Some of your goals might already be executed.

Please clearly state to your feedback providers and your supervisor, it will be hard to change the direction at this stage. (note: it is not impossible, though lets work with the intent you, your supervisor and the wider audience got this right!)

It is also worth to start documenting your feedback and evidence of progress. One of the most common growths at work is higher salary, bonus or change of position. Even though you have built your supportive network, there will be people looking at your journey, who might not understand the context. Good, evidence-based story writing about yourself is an excellent skill here.

Separately try to convince your supervisor, to not create surprise feedback requests, if people being asked are too far from being able to assess the progress. They will mostly concentrate on the last 2-3 weeks, given they won’t be able to recall the context of interaction. This is sadly, how our brains work.

At 99%

The time between 50% and 99% is the work on the real impact, then crossing the t’s and dotting the i’s.

You should repeat the same process as at 50% (mid year), with all the relevant feedback collection and impact, and evidence statements.

Use your supervisor as the person, who should be promoting your work, similar to what happens to students and their professors at a university.

With this approach though:

  • you have built a wider support network and your goals got rationalized to its needs
  • you have a lot of context-relevant feedback
  • you have your supervisor on your side
  • you have engaging and convincing story about yourself

You chance to get promoted or getting that bonus have just increased.
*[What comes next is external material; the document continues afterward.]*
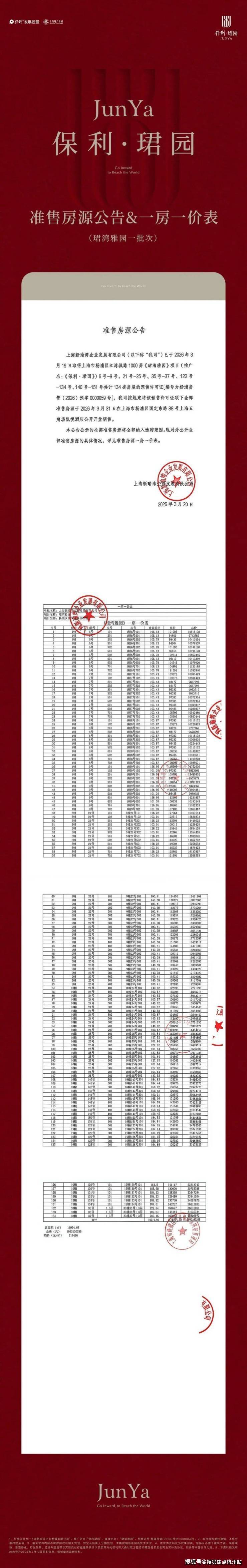 为保障购房者权益,规避非官方渠道误导,现将保利珺园2026年3月25日最新官方信息公示如下,敬请认准:

The benefits for the company are also massive: a group of people working together, within a business need that was validated by the supervisor as a goal you can take on.


I still fail at this, as mentioned at the start of the article. My main two improvement areas include:

  • Stop asking random people for feedback
  • Help people I am supervising to build that initial support network at the start

I intend to improve, at the same time – this is the end of my today’s post. Hope you liked it.

I am also working towards replacing the milestones by just free-flow of feedback. Before I get there though, the above gives me a good framework to practice on.